What are the important parts of that code we should care about? Let me explain.


 sub_1400010F0("Enter flag: ", argv, envp);
  sub_140001170("%32s", Str);

This line ask us to type 32-byte strings input 32-byte strings(or we know the flag will have 32-byte strings not include the format flag)

 
si128 = _mm_load_si128((const __m128i *)&xmmword_14001E030);

This line point that it takes 16-byte constant of the xmmord_14001E030 adress into si128


*(__m128i *)Str = _mm_xor_si128(_mm_load_si128((const __m128i *)Str), si128);

This line is load 16-byte of Str XOR with si128 and the result is the first stage 16-byte strings of the Str


v10 = _mm_xor_si128(si128, v10);

v10 at first is assigned to 0i64, which is full of 0. If we XOR with si128, we will receive si128

if ( _mm_movemask_epi8(
         _mm_and_si128(
           _mm_cmpeq_epi8(*(__m128i *)Str, (__m128i)xmmword_140029000),
           _mm_cmpeq_epi8(v10, (__m128i)xmmword_140029010))) == 0xFFFF )

This comparision can be analyze to smaller like this:


 _mm_cmpeq_epi8(*(__m128i *)Str, (__m128i)xmmword_140029000),

=>Return 16-byte, each byte = 0xFF if (__m128i )Str == (__m128i)xmmword_140029000, else = 0x00


_mm_and_si128(

=>Only keep if both comparisons are equal at the same position

_mm_movemask_epi8(

=>take top 16-bit of each byte,if the result is 0xFFFF it means the 16-bit verified(or all 16 bytes were equal in both comparisons).

If both of conditions are true, the program will print:

(const char *)&unk_140023E7C

That is yes:

.rdata:0000000140023E7C unk_140023E7C   db  59h ; Y             ; DATA XREF: main:loc_1400010CA↑o
.rdata:0000000140023E7D                 db  65h ; e
.rdata:0000000140023E7E                 db  73h ; s
.rdata:0000000140023E7F                 db    0

And i find this when point to xmmword_140029010 and press X(jump to xref)

{
  BOOL result; // eax

  result = IsDebuggerPresent();
  if ( !result )
  {
    xmmword_140029010 = xmmword_14001E010;
    xmmword_140029000 = xmmword_14001E000;
  }
  return result;
}

=>If you run the binary in a debugger, those constants at 0x140029010 and 0x140029000 won’t be initialized=>an anti-debugger trick.

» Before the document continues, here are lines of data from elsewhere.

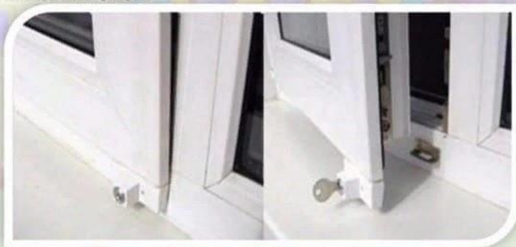
Замок блокировщик с ключом

Можно воспользоваться специальными замками блокираторами, которые предлагают установщики пластиковых окон.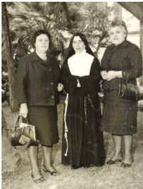
Il giorno della professione con le due sorelle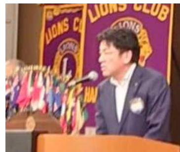
有賀次期ZC予定者によるライオンズスローア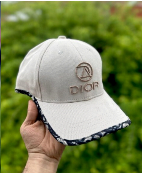
Gorra Dior Exclusiva Blanca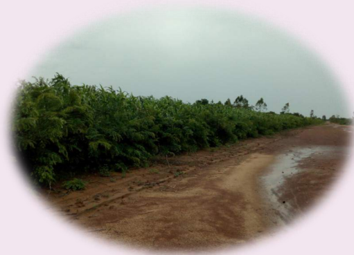
Haie vive d'un bocage Sahélien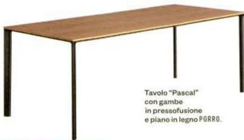
Tavolo "Pascal" con gambe in pressofusione e piano in legno PORRO.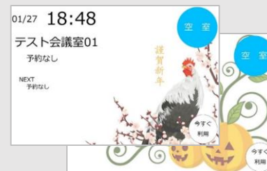
例) 季節イベント画像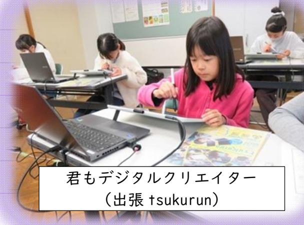
君もデジタルクリエイター (出張 tsukurun)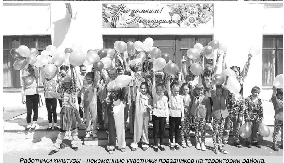
Работники культуры - неизменные участники праздников на территории района.

система» утвержден информационным Интернет-ресурсом о культуре Суздальского района. Число обращений за 2020 год составило 8937 ед.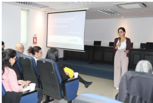
Inducción del manejo técnico de cadáveres- versión tratamiento de cadáveres extranjeros

El SNMLCF en coordinación con el equipo consular de la Embajada Británica y el apoyo de Policía Nacional del Ecuador llevaron a cabo el taller "Inducción del manejo técnico de cadáveres- versión tratamiento de cadáveres extranjeros", con el fin de garantizar un proceso eficiente en caso de personas extranjeras fallecidas en el país en estricto respeto a la dignidad humana.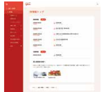
ウェブサイト「IR情報」トップページ

また英文で決算短信、決算説明会資料、アニュアルレポート等を掲載し、外国人投資家の皆さまへの情報発信も積極的に行っています。さらに事業内容や品質への取り組みをわかりやすく紹介するウェブサイトを設け、Glicoグループの事業姿勢や活動をご理解いただけるウェブサイトづくりに取り組んでいます。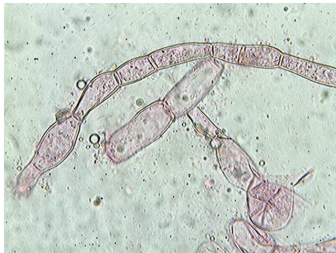
Hyphes de l'excipulum x 400 (dans la phloxine)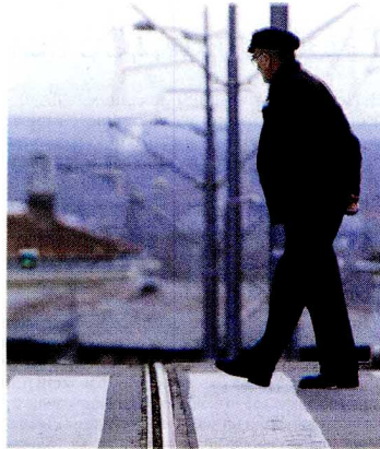
Популација све старија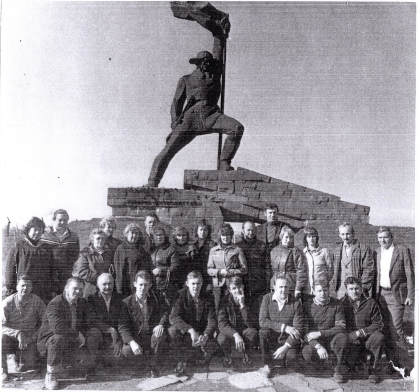
« УКРАИНА – ОСВОБОДИТЕЛЯМ » ПАМЯТНИК НА ГРАНИЦЕ СССР – ЧЕХОСЛОВАКИЯ ГОРОД УЖГОРОД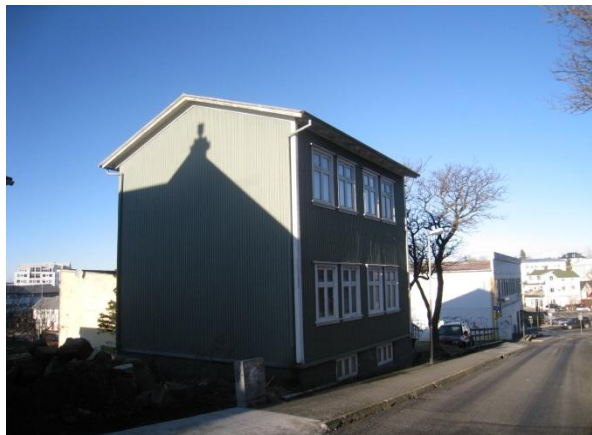
Horft í norður.

And if you don’t run in a debugger, xmmword_140029010 will be xmmword_14001E010 and xmmword_140029000 will be xmmword_14001E000

So i will use what i explained below to extract the flag:

.rdata:000000014001E000 xmmword_14001E000 xmmword 939FCF9C9B9998C99DC8C9989ECFCB9Ah
.rdata:000000014001E010 xmmword_14001E010 xmmword 9F9D9D9DCB989A9B999A98CF9DCFCFCFh
.rdata:000000014001E030 xmmword_14001E030 xmmword 0AAAAAAAAAAAAAAAAAAAAAAAAAAAAAAAAh

+The first stage we take first 16-bytes of xmmword_14001E000 change into hex, then XOR with xmmword_14001E030

The the first 16-byte of xmmword_14001E000 is:

unsigned char ida_chars[] = {
  0x9A, 0xCB, 0xCF, 0x9E, 0x98, 0xC9, 0xC8, 0x9D,
  0xC9, 0x98, 0x99, 0x9B, 0x9C, 0xCF, 0x9F, 0x93
};

XOR with 0xaa(xmmword_14001E030) into hex:

30 61 65 34 32 63 62 37 63 32 33 31 36 65 35 39

ASCII:

0ae42cb7c2316e59

+The second stage we take first 16-bytes of xmmword_14001E010 change into hex, then XOR with xmmword_14001E030

The the first 16-byte of xmmword_14001E000 is:

unsigned char ida_chars[] = { 0xCF, 0xCF, 0xCF, 0x9D, 0xCF, 0x98, 0x9A, 0x99, 0x9B, 0x9A, 0x98, 0xCB, 0x9D, 0x9D, 0x9D, 0x9F };

XOR with 0xaa(xmmword_14001E030) into hex:

65 65 65 37 65 32 30 33 31 30 32 61 37 37 37 35

ASCII:

eee7e203102a7775

And the flag is CSCV2025{0ae42cb7c2316e59eee7e203102a7775}

That’s all of this challenge. Thanks for reading😘!